By Jeremy Smith
PRIME has published its latest Analysis, which compares the state of the UK labour market and economy in 2012 with that of 2006, and looks at the impacts on national productivity.
We conclude that traditional productivity methodology has a fundamental flaw when it comes to measuring the performance of a national economy with a chronic high level of unemployment.
This is because it ignores the wasted capacity of a nation’s economically active, but unemployed, population.
The report argues that by far the most significant macro measure of productivity for a national economy is the value of output divided by the economically active population, i.e. the sum of those in employment and those unemployed but seeking work. On this measure, the output value per economically active person in the economy has fallen, between 2006 and 2012 by 3.24%.

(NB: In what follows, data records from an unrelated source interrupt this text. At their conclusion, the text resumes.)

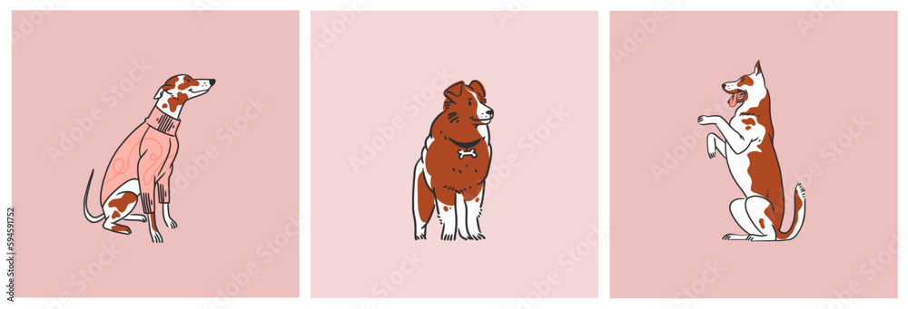 Tableau sur toile Hand drawn vector abstract graphic line collection set with diverse cute funny cartoon dogs characters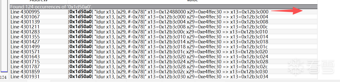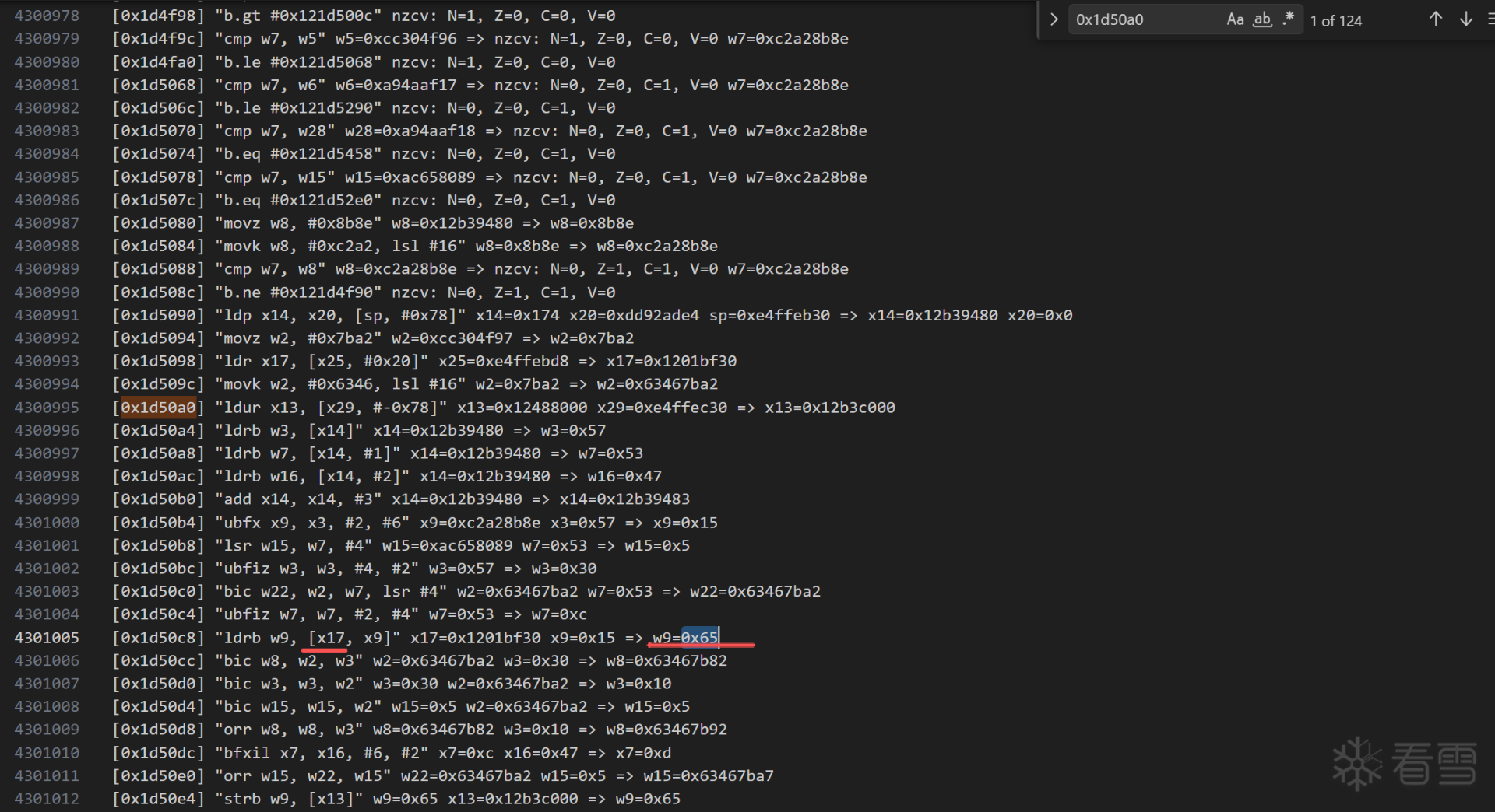 此时保存结果的内存值为 x0=0x12b3c000,向上查找它的写入来源,发现偏移 0x1d50a0存在可疑访问 :搜索这个偏移,发现这个地址执行了124次,每次的地址都是加4,编码后的数据正好是 124*4=496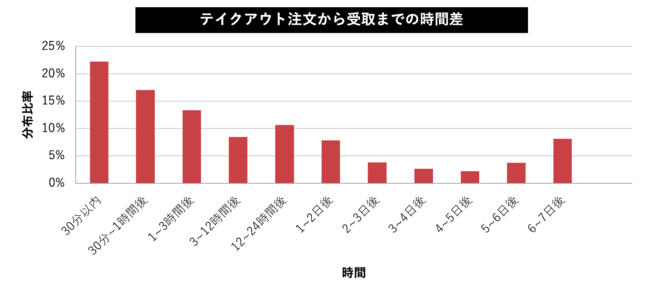 約40%が1時間以内の受け取り、とやはり「スピード」をユーザーが求めていることがみえてくる。一方で日にちをまたいだ注文が30%程度あるのも特徴的なデータで事前に意思決定をしているユーザーが一定数存在する。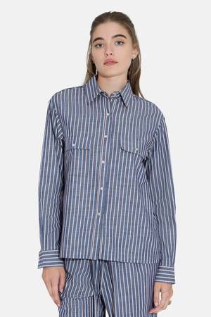 Tailored and effortless, the Coco Overshirt is designed in a lightweight striped cotton with a relaxed, slightly oversized fit. Its your go-to for polished layering. Button it up, wear it open, or pair it with the matching Georgica pantthis one does it all. - Color: Red Stripe - Spread collar - Pearl button closure - Double chest pocket - 100% cotton - Made in NYC - Style #: WVBCW23SHRT88WN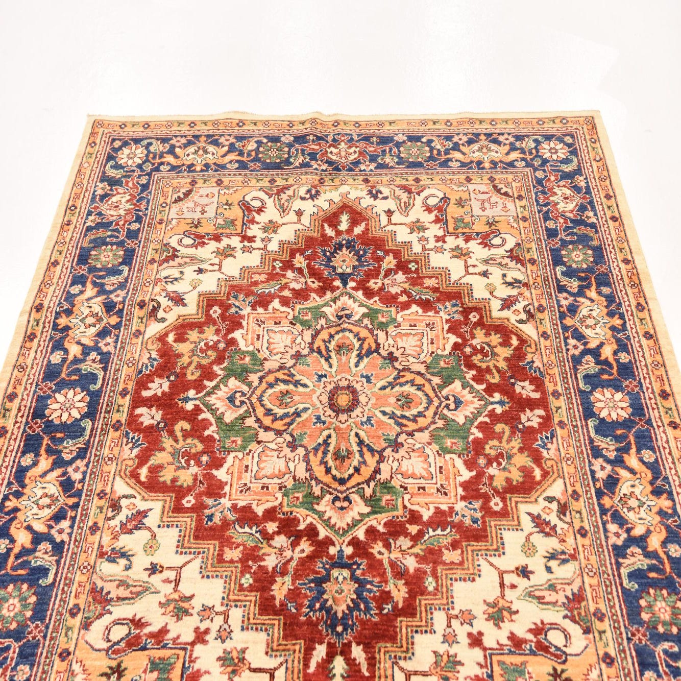 The Ariana Ziegler Collection offers a 4x6 hand-knotted rug crafted from 100% hand-spun wool, notable for its durability and luxurious texture. This piece features an intricate, traditional pattern with a rich red background, accentuated by an elegant color palette that includes black, brown, cream, gold, green, light blue, navy blue, and orange hues. Each color is used strategically to enhance the detailed floral and geometric motifs of the design, creating visual depth and drawing attention to the central medallion which is a focal point of the composition.

To improve the economy and national productivity, we need a major labour-intensive investment programme for a sustainable future.

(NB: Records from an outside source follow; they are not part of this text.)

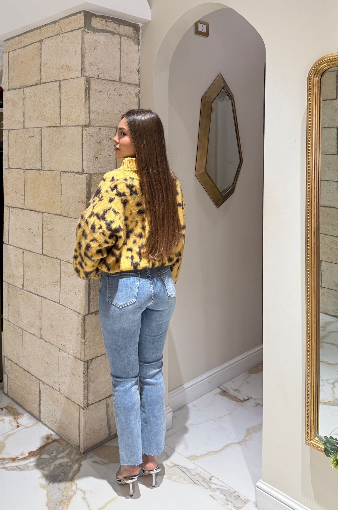 Jeans da donna in denim tessuto elasticizzato con taglio laser sul finale e vestirà bene la propria taglia, la modella indossa taglia XS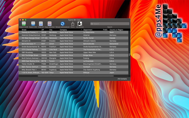 • Copies the address of all selected contacts to the clipboard • Address either with company/department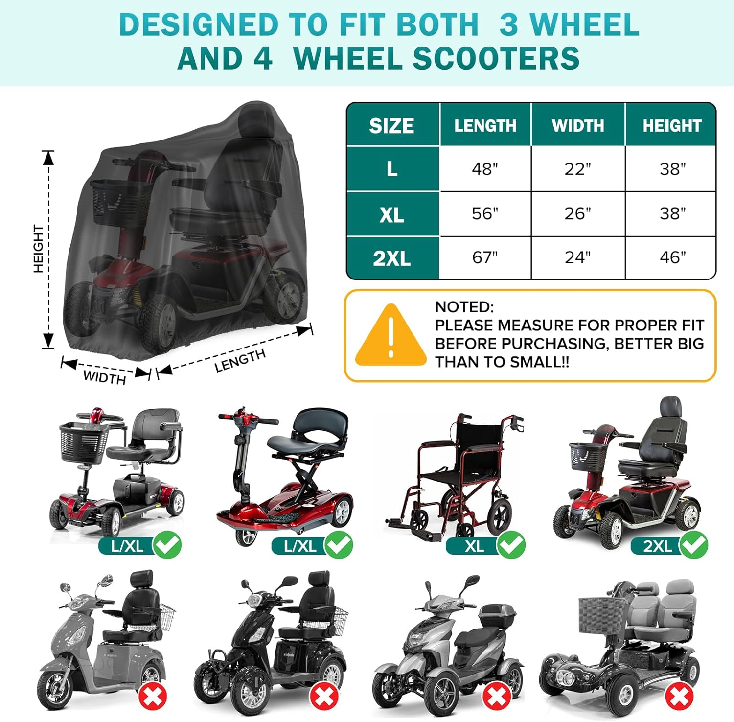 Heavy Duty - Made of the Thick 420D Oxford Fabric(with Waterproof Strip) which is water resistant as well as breathable, able to resist 1000 MM rain water pressure, meaning a downpour will not be a match to the cover Anti-UV, Nano Coating - Our electric scooter cover was designed to fit both four wheel and three wheel scooters, wheelchair, Anti-UV, inner layer add nano Material coating, so the inner layer is extra smooth, soft and won't scratch your scooter, used for gogo pride scooter, outdoor or indoor Double-needle Sewing Process - Adults mobility scooter cover is water resistant with Double-needle sewing process, adding waterproof strips to ensure that no water drops penetrate the cover to the components. All-round protection for your electric mobility scooter 2 Buckles &Free Storage Bag - Adds a custom look and a tighter fit Size: 48"L x 22"W x 38"H, elastic hem sew in the bottom of cover for a secure fit, 2 Buckles for the cover can be tightly fixed on your scooter Carrier when your transport it too. A free storage bag for your cover, easily put into the storage bag without being folded neatly. Noted, when you transport it, remember to tie it well on the trailer or rack. If not, it is easy to get break or off because of strong wind on the highway. Services - Not satisfied? Any time, Anywhere and Any reason, sending us a message. We will help you resolve your concern or provide a refund. Product Description Fitment: Most4 wheel or 3 wheel scooters Not fitment: Pride Victory 10 LX/UP size seat & mirrors, ewheels EW-46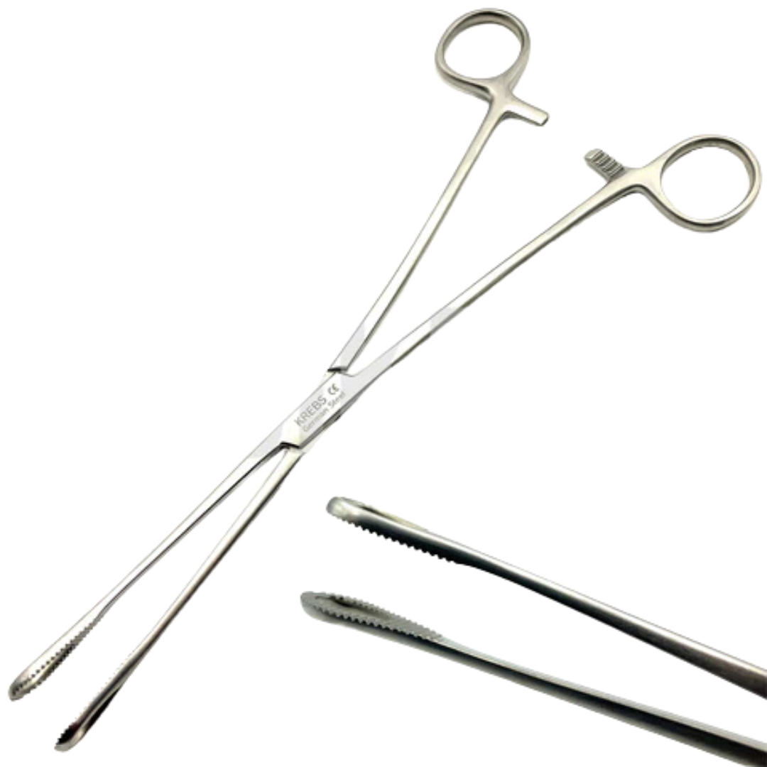 Fidelis Foerster Sponge Holding Forceps Straight Serrated Jaw 25 cm is a general surgery instrument, generally used to withhold sponges or swabs when surgeons continuing their operations. They are scissors shaped and their jaws are serrated.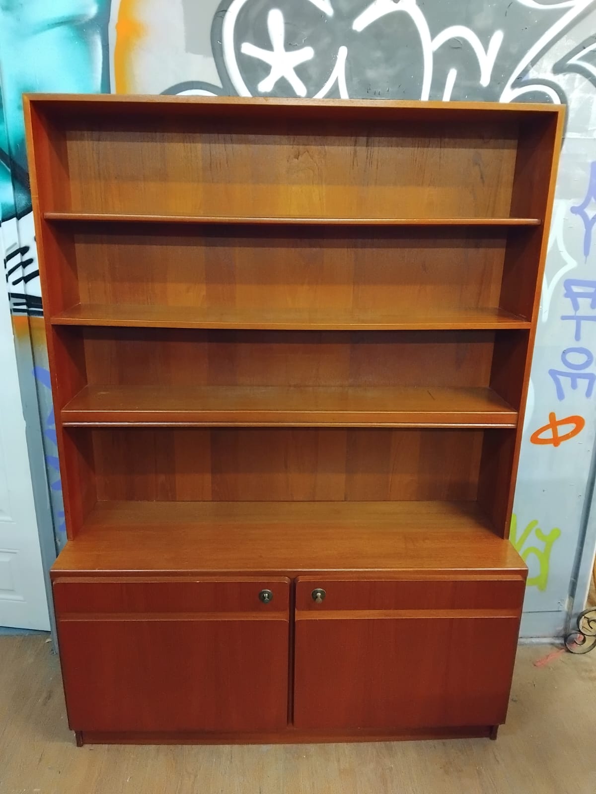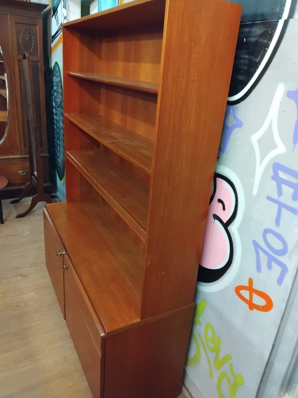 A mid-century modern teak sectional bookcase on cupboard, dating to the 1960s or 1970s. Made by mcintosh The piece is of two-part construction, featuring an upper shelving unit that sits upon a wider base. The upper section comprises an open-fronted bookcase with three fixed-height shelves. The base section consists of a two-door cupboard, with each door featuring a recessed handle design along the top edge and a small circular metal escutcheon.
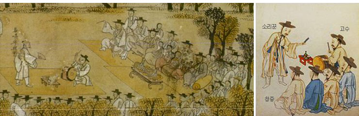 盤嗦哩通常由一人演唱,另一人用鼓伴奏。這種形式大約在18世紀中朝鮮王朝后期開始出現(xiàn),19世紀末是它的黃金時代。關于它的起源有兩種不同的看法,一種認為它是18世紀的游浪藝人根據(jù)某種戲劇創(chuàng)造的,另一種則認為是來源于薩滿教儀式中的歌曲。盤嗦哩的故鄉(xiāng)是韓國全羅北道的南原,至今那里仍盛行這種演唱。
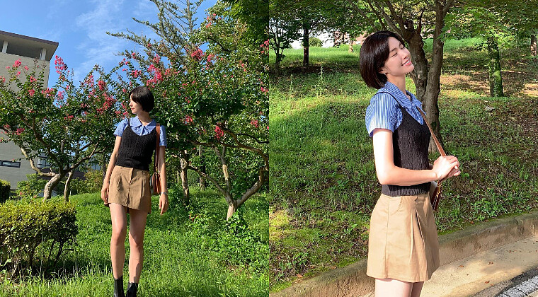 韓國四季分明,許多人喜歡利用「疊穿」的方式增添穿搭的層次感以及變化。藍色的條紋襯衫自帶知性的氛圍,且基礎又百搭,配上合身的黑色針織背心展現些許成熟的氛圍,最後以卡其色的迷你裙打造濃濃的學院感,適合各種年齡層的女生,也很顯年輕。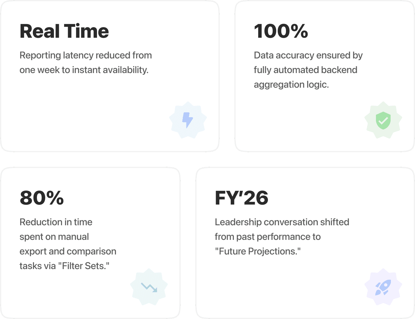 The Next Gen Dashboard facilitated an end to a highly fractioned and manual process and has made it very efficient.

In 2012, UK GDP was just 1.1% greater than in 2006, whilst the population had grown by over 4%. This means that GDP per head of population has fallen by around 3% between the 6 years. If GDP had grown by just 1.5% per year since 2006, it would be almost 8%, or £120 billion, greater in 2012 than the actual figure.
In 2012, the number of those in employment was 2% higher than in 2006, while the number of unemployed was 48% (800,000) higher.
Between 2006 and 2012, the UK workforce has undergone enormous changes; for example, the number of those employed in manufacturing has fallen by 14%, and in construction by almost 12%.